Альберт Шпеер, любимый архитектор Гитлера, вспоминал, что 28 июня 1940 г. фюрер ненадолго приезжал в Париж. Распорядилась ли так судьба, специально было задумано или совпало, но это была очередная годовщина сараевского убийства 1914 г. и подписания Версальского мирного договора в 1918 г. Гитлер осмотрел здание Парижской оперы, Эйфелеву башню, другие достопримечательности и, по воспоминаниям Шпеера, признался: «Увидеть Париж было мечтой всей моей жизни. Не могу выразить словами, как я счастлив, что сегодня эта мечта осуществилась»[781]. Архитектор писал:
…И я даже немного пожалел его: три часа в Париже, первый и единственный визит, сделали счастливым человека, находившегося на вершине своего триумфа. Во время экскурсии Гитлер заговорил о параде победы в Париже, однако после беседы с адъютантами… решил от этой идеи отказаться… [и позже сказал]: «Я не настроен на победный парад. Война еще не закончена»[782][783].
Гитлер сказал Шпееру, что парад нужно планировать на 1950 г., когда все войны останутся в прошлом[784]. В день, когда он был в Париже, люфтваффе бомбило Гернси и Джерси, Нормандские острова в проливе Ла-Манш, принадлежавшие Великобритании. Вскоре немцы оккупировали их, а через несколько недель вторглись в Югославию и Грецию.
Югославия сопротивлялась всего четырнадцать дней. Когда немецкие войска вошли в Сараево, то обнаружили там великолепный подарок к пятьдесят второму дню рождения Гитлера. На пышной церемонии, заснятой для потомства на кинопленку, они преподнесли фюреру мемориальную доску с места убийства Франца-Фердинанда. Репортаж крутили в выпусках новостей по всей оккупированной Европе[785]. В самом его конце показывали радостного Гитлера, державшего доску в руках. Он лучше всех понимал, что это убийство открыло ему путь к власти и войнам на уничтожение целых рас.
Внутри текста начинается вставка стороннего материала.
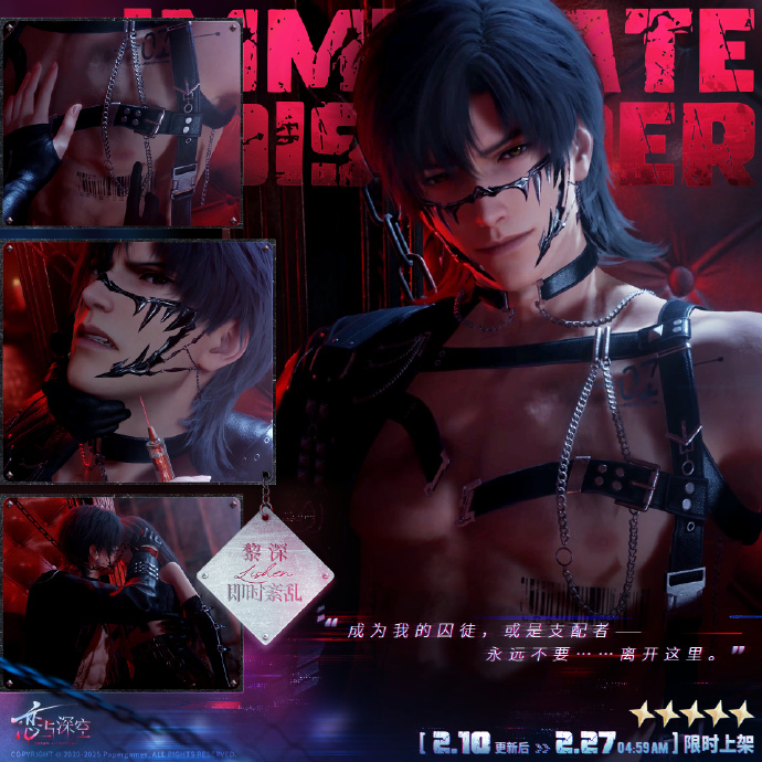 他的监狱交织着层层暗潮,秘密与罪责将你们牵缠在一起。你会选择留下吗?任他挣脱控制、将你咬伤,再去寻求渴望中的新生。《恋与深空》全新五星互动思念「黎深·即时紊乱」内容一览。
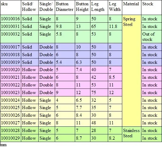 Быстро вставляется в круглые или квадратные трубки. Кнопки сделаны из пружинной стали 1050, термообработанной и оцинкованной минимальной.
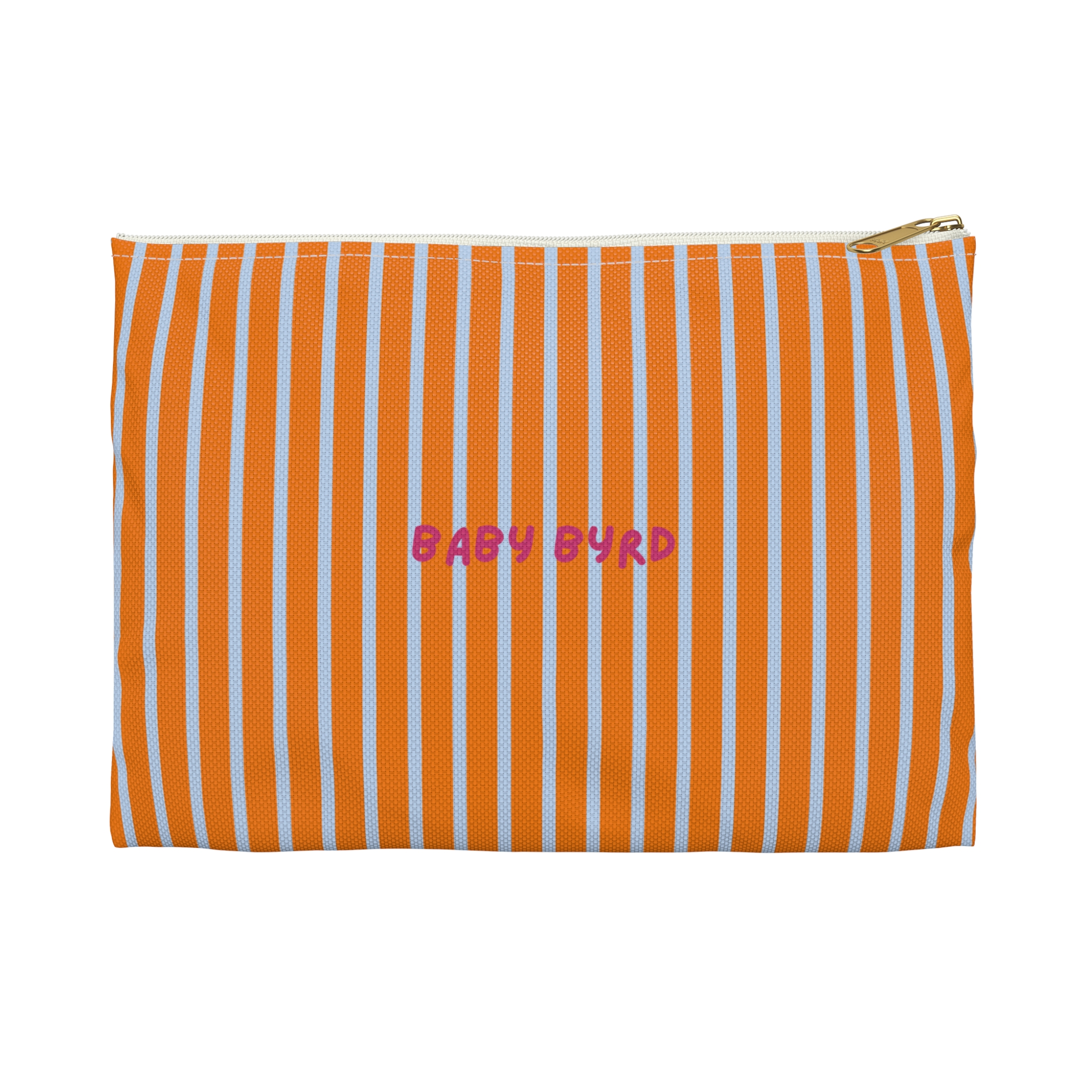 Stay organized in style with the Born to Be Fly Accessory Pouch by Baby Byrd. Featuring a fly blue and orange striped design, this versatile pouch is perfect as a cosmetic travel bag, pencil case, or everyday organizer. Made from durable material with a secure zipper closure, it’s designed to keep your essentials safe whether you’re at school, work, or on the go.

В новостях снова замелькал дворец Бельведер. Правительство побежденной Югославии было вызвано в Вену на подписание договора со своими завоевателями-нацистами. Румынский дипломат Рауль Босси запомнил, что появлению Гитлера в круглом Китайском зале предшествовали три громких удара. Этим сигналом пользовались когда-то при дворе Габсбургов, извещая о выходе императора[786]. Потом состоялся банкет, о котором Босси писал: «Тени эрцгерцога Франца-Фердинанда д’Эсте, последнего хозяина дворца, и его потомков, должно быть, трясло тогда от возмущения, и, наверное, они вздрогнули еще раз при виде Гитлера; он, никогда не евший мяса, тщательно резал ножом поданные ему овощи… стояла мертвая тишина… Обед походил на поминальный, а не на парадный»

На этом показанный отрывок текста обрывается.